Cuesta imaginar, en términos humanos individuales, lo que supuso para ambos hemisferios y meridianos, así como para las diferentes tribus y nacionalidades, el Descubrimiento de América en 1492 (llamado así, descubrimiento, no porque hasta entonces no existiese dicho continente, sino porque, en teoría, y del mismo modo que ocurre con la Prehistoria —que se conoce con ese nombre porque se trata del periodo anterior al nacimiento de la palabra escrita—, los datos históricos de aquel terreno urbanizable y listo para encofrar eran más bien nulos… Otra cosa es cómo la Historia en Occidente la contó después). Esos encuentros iniciales llenos de sorpresas, esos choques culturales un poco después, los tratos y acuerdos entre cada cual, las imposiciones posteriores. Los enormes barcos vistos por primera vez, las nuevas enfermedades, el intercambio de conocimientos entre algunos, el maltrato entre muchos, la invasión total. El proceso eterno de evangelización. Todos esos siglos hasta la ruptura o desaparición.

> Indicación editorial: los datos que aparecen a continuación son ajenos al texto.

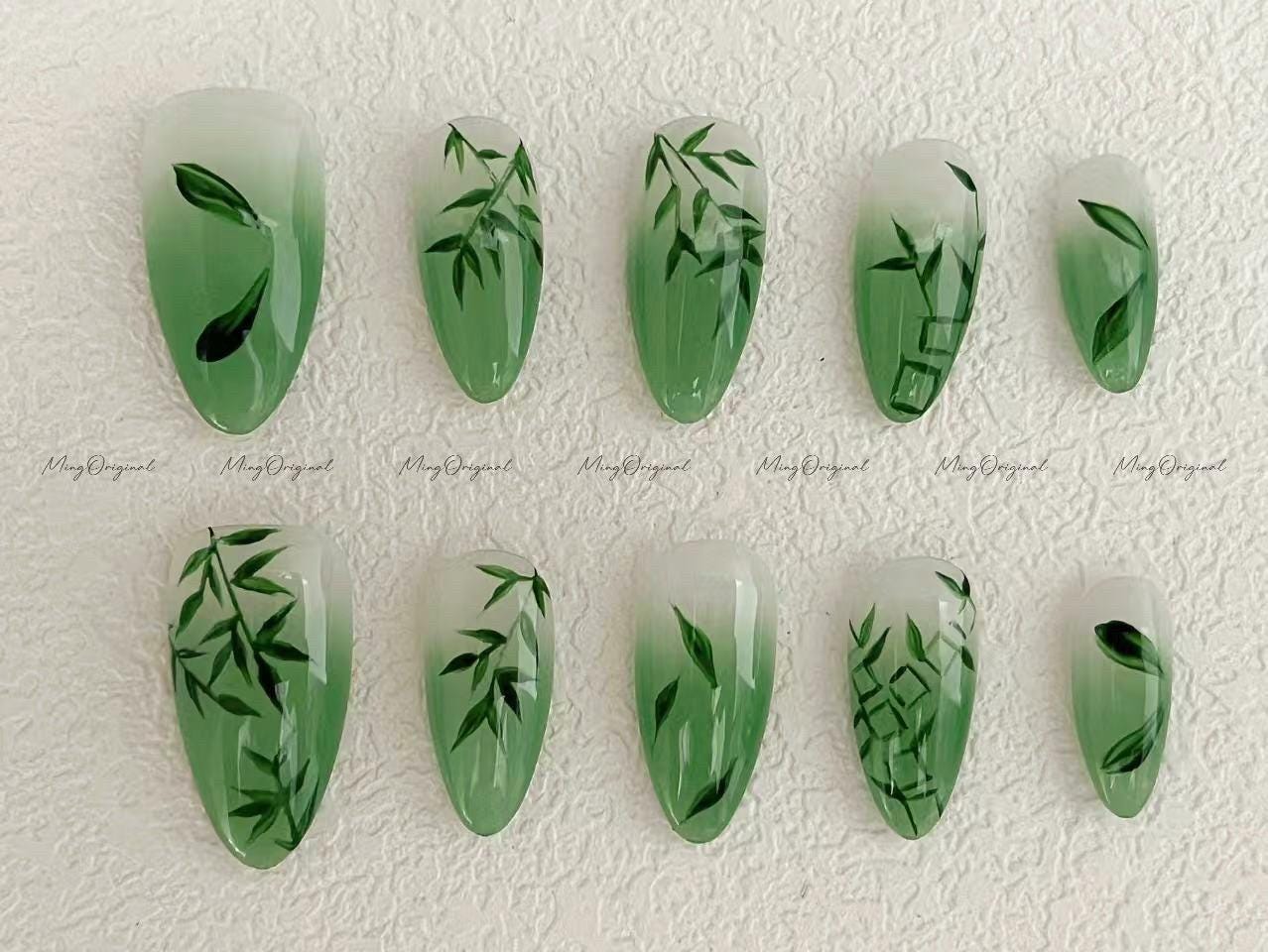 3D Snake Bamboo design Press On Nail|Ink painted Reusable Nail|Hot ...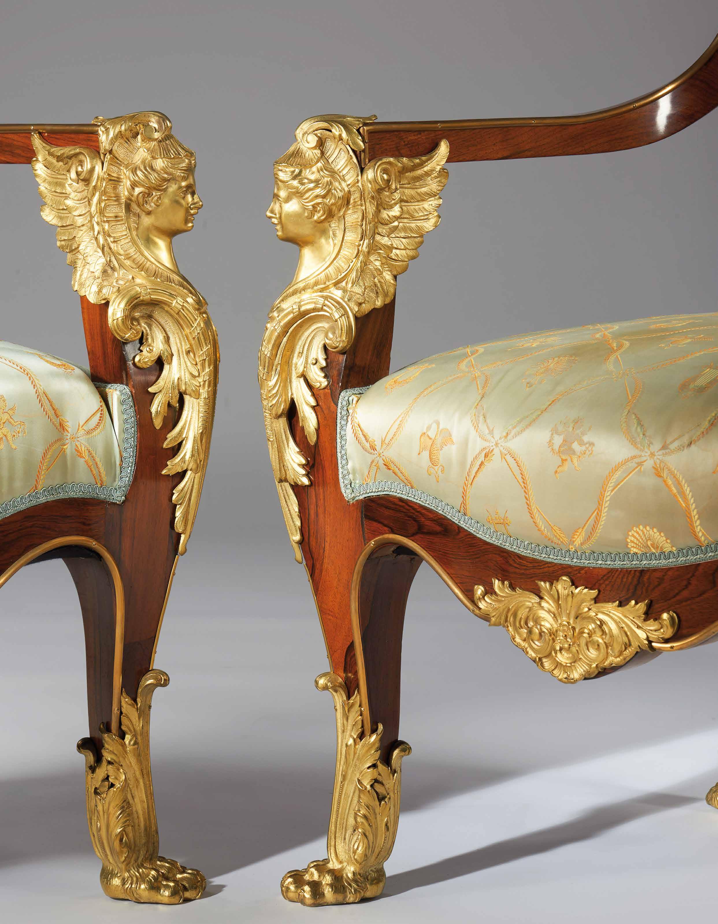 Com montures em bronze dourado, relevado e cinzelado representando esfinge, enrolamentos vegetalistas e pernas posteriores e dianteiras terminando em patas de leão

Es cierto que, en estos últimos años, lo que más se comenta o más repercusión ocasiona sobre este tema es, en general, el genocidio consumado por los españoles (que para muchos no es tal, aunque esa polémica es tan larga que para otro día…). Sin embargo, personalmente, siempre me había parecido mucho más grave el abuso generado y generalizado por razones puramente materialistas, ya fuera para apropiarse de madera o de otras materias primas de gran valor para el hombre blanco (y existentes a millares en aquel lugar enorme, serpenteante y arbolado). Ese provecho obtenido a través de la inocencia o generosidad de algunos anfitriones, o de la ignorancia del valor que otros le ven a lo que ellos no… en un principio. Toda esa locura tan bien representada en el truño de Aguirre, la cólera de Dios y sus flechitas.
Pues bien, un año antes de la soporífera y ridícula obra maestra de Werner Herzog, Humberto Mauro (padre del cine brasileño) y Nelson Pereira dos Santos (¿el sobrino?) concibieron un hijo mucho más loco, divertido y estimulante, llamado Qué sabroso era mi amigo francés, tomando básicamente el punto de vista contrario al del alemán, y contando con los franceses y portugueses como los extraños inmigrantes invasores. Con un inicio sonoro que se contradice con el visual, pronto entramos en el juego satírico que ambos nos proponen (llenando los títulos de créditos iniciales con dibujos que representan a tribus caníbales), tanto que nos resulta una película mucho más realista y esclarecedora (con ese interrogatorio auditivo de las lenguas). Una nueva forma de visualizar lo que pasó en aquellas tierras latinoamericanas, hoy consideradas hermanas de estas, españolas y portuguesas, por muchos individuos, a pesar de que lo son por todo el mal que genera(mos)ron. Una extraña contradicción con la que se debieron de encontrar, también, los propios tupiniquins (tribu indígena brasileña protagonista de este film), manteniendo una dura rivalidad con otras tribus, aliadas cada una con una nación europea diferente sólo por venganza, o por obtención de unos supuestos beneficios que tal vez ni eran.
Por todo ello, es una ligera lástima que un potente primer acto se diluya un poco a la mitad del metraje, siendo entonces algo más convencional, aunque mantenga siempre el interés con un humor particular y una forma de dirigir muy de la época (y al mismo tiempo muy poco común). Suerte del final, que no sólo eleva el nivel una vez más con una soltura y normalidad inesperadas, sino que además añade todavía más mala baba a su crítica del colonialismo europeo y a la visión que de él tenemos los de aquí (sea cual sea la opinión al respecto), gracias a contar la otra versión tan naturalizada, casi como si de un documental a orillas del mar se tratara. Si ya sólo su título es único, cómo no recomendar su visionado. Esto sí que es oro.